Animal management report and plan
You will present and interpret data that is meaningful for industry and research and put it into context using published scientific literature. You will write a clear and concise scientific report on animal management supported with appropriate information from the published literature and correct referencing. Your scientific report will be in a conventional structure with introduction, methods, results, and discussion (including a management plan) sections.
Instructions – Hobart scenario
• Body condition score data has been collected from a mob of maiden merino ewes (2 years old) at the Unifarm in Cambridge on 23rd April 2021
• The ewes had just been mated and are expected to commence lambing in late August 2021.
• The objective of this enterprise is to produce superfine merino wool and lamb.
• This enterprise has a production target of > 100% lambing success.
The resources that are available on farm include:
• Pasture resources with good Autumn growth
• Irrigated Lucerne
• Native pasture bush run (mostly Kangaroo grass)
• Cocksfoot/Phalaris/Sub clover pasture
• Barley grass/ Annual Brome grass pasture
• Barley for supplementary feeding
• Automated drafting equipment
1. Familiarise yourself with the scenario and how body condition scores are collected and used in sheep management.

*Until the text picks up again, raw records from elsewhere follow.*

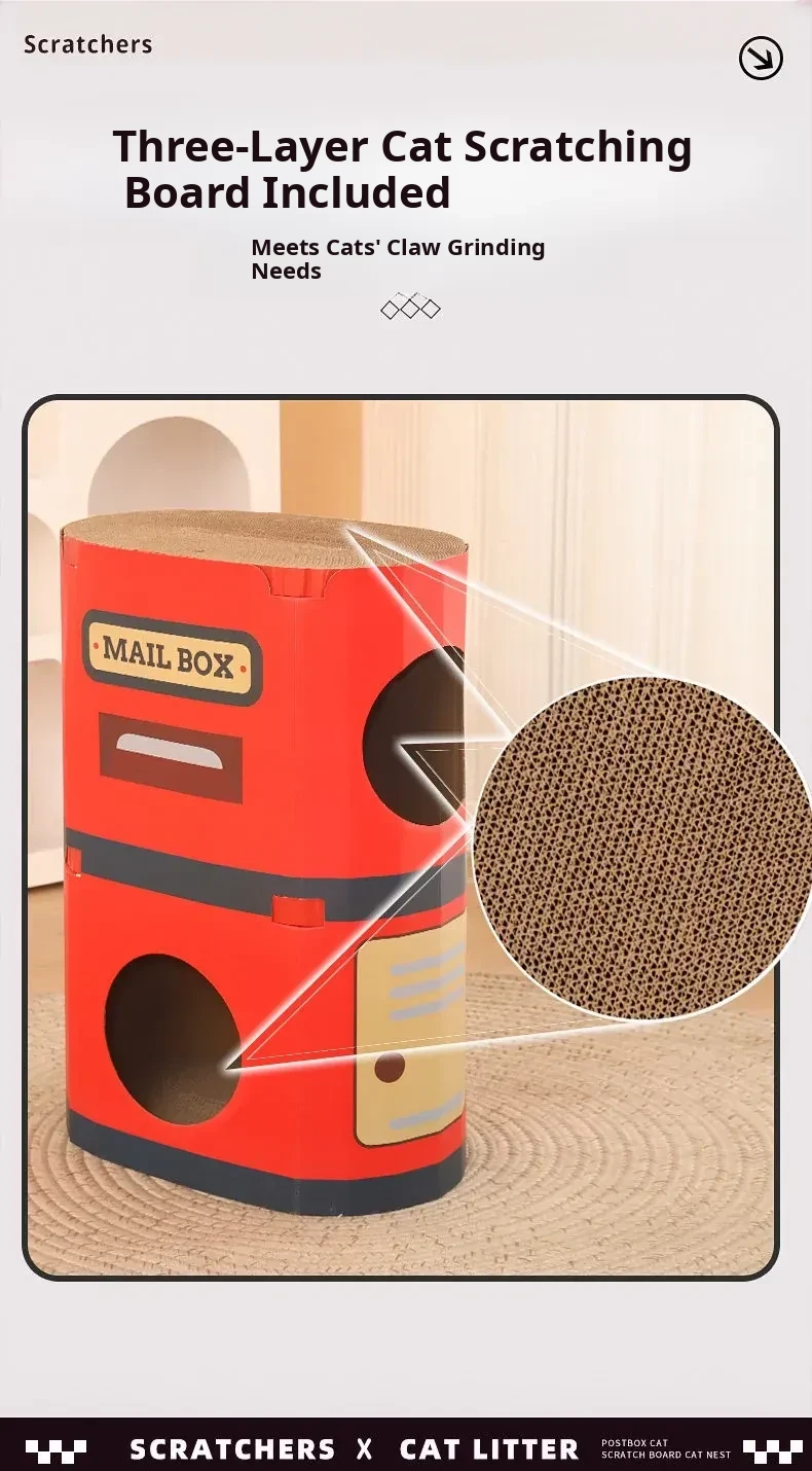 Mailbox Scratching Board Cat Nest-Double-Layer Oval Column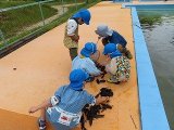 年長組の子どもたちは,ヤゴを手に乗せ,年中組の子どもたちに話しかけます。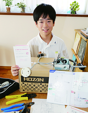 ▼第二種電気工事士に中1生合格=電気設備工事に必要な国家資格の第二種電気工事士試験に東有年の中学1年、山谷彩人君(12)=有年中=が初挑戦で合格。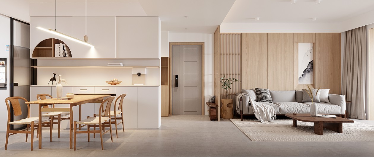 厨房和餐厅用了极窄的推拉门,增加空间的通透和流动性,木白的橱柜搭配跟客餐厅相呼应。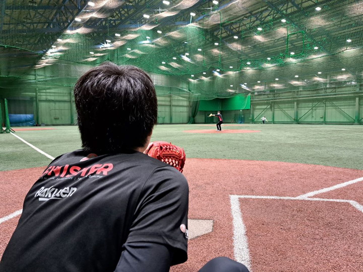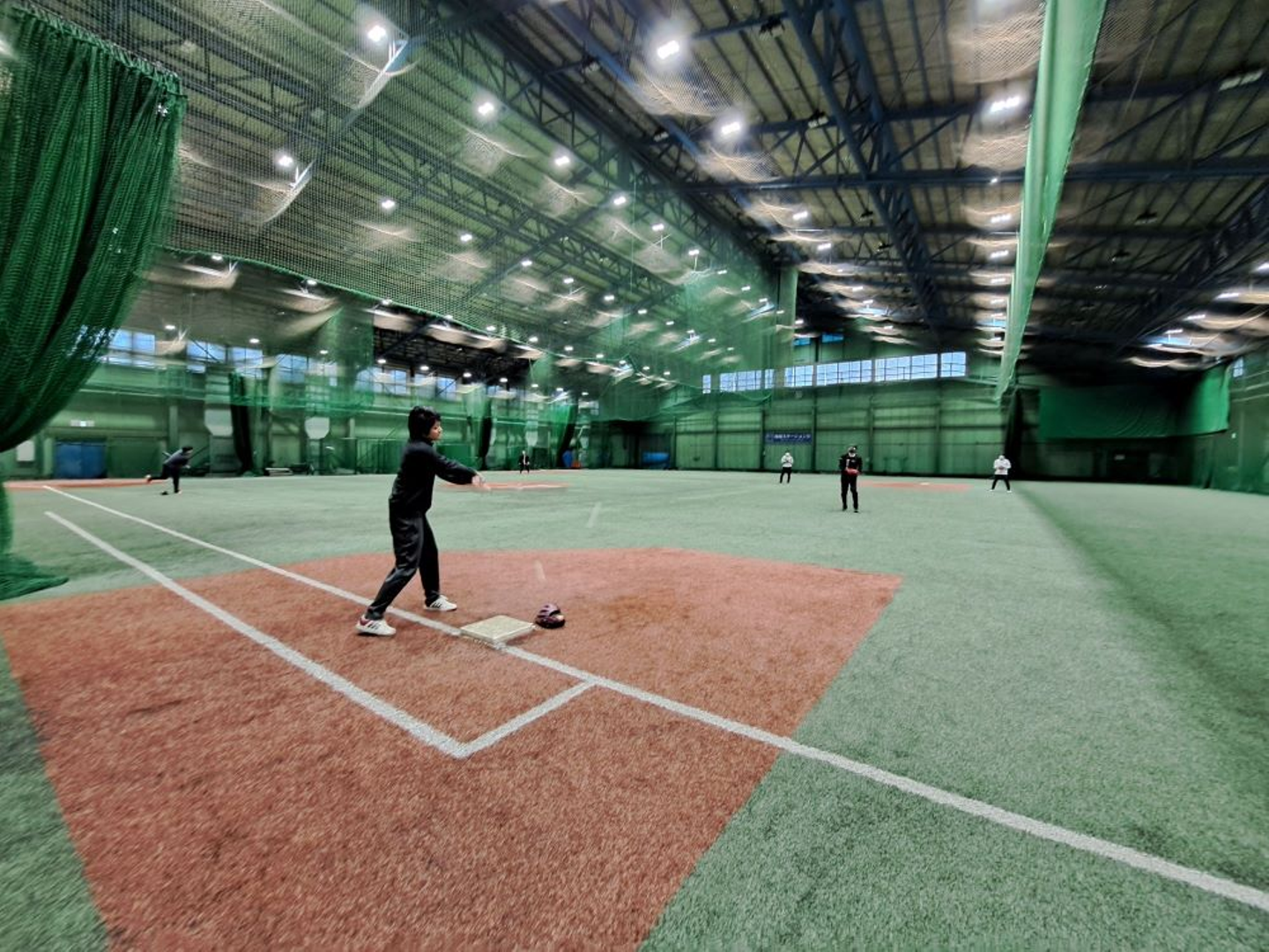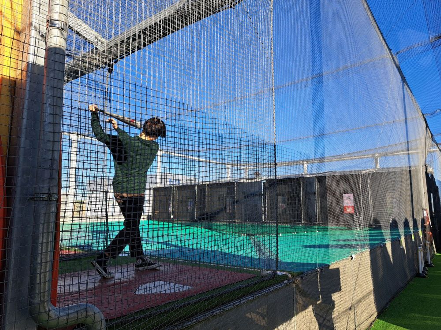 購入後、屋上のコートを借りてキャッチボールやバッティングの練習などしました。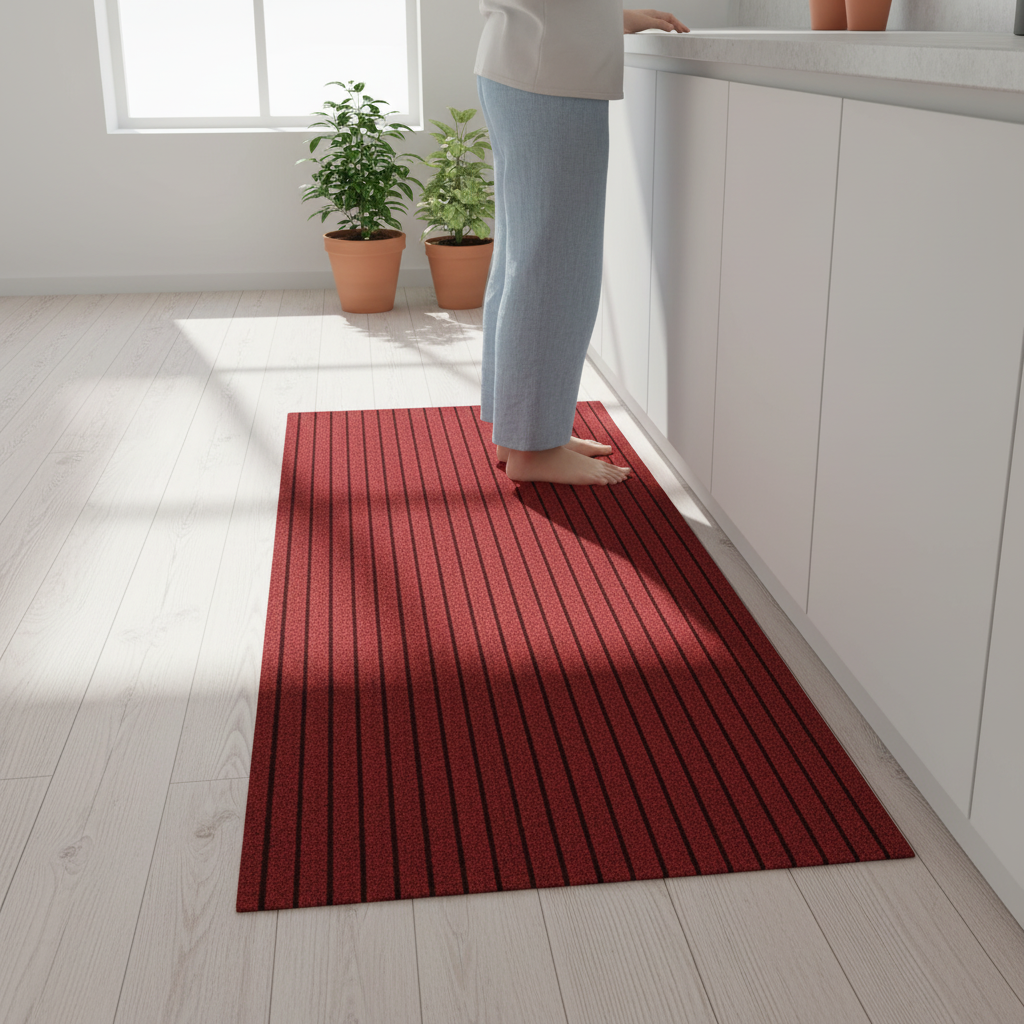 Apportez une touche de couleur et de sécurité à votre cuisine avec ce tapis rouge rayé.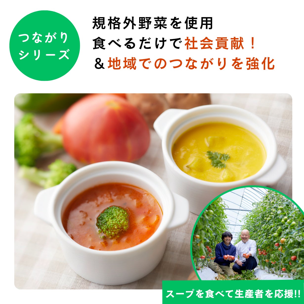 100g中の塩分が0.2gと言う塩分控えめのミネストローネです。17種類の国産野菜を使い、トマトは地元岡垣町の太田さんの規格外トマトを使用しています。

2. 2. Summarise the data in the Ewe body condition score spreadsheet and produce a figure of the summary data.
3. Write a scientific report on this body condition scoring activity and include a management plan for what you would do and the resources you would use from today until lambing in July.
Instructions – Report format
word count is 1200 (± 10%)
• Discussion & management plan
• Introduce all the key background material for your report and support with the scientific literature (i.e. references). This may include information about:
• What a body condition score is
• How body condition scores can be used in sheep management
• The relative nutritive values of the available feed resources
• Maiden ewes
• Multiple pregnancies
• Fully describe the data collection in enough detail that another person would be able to replicate the data collection. This may include information about:
• the location where the data was collected
• the animals used
• how the data was collected the method
• how you manipulated or summarised the data
• Explain key finding in words and refer to figures/tables at the end of sentences (Figure 1)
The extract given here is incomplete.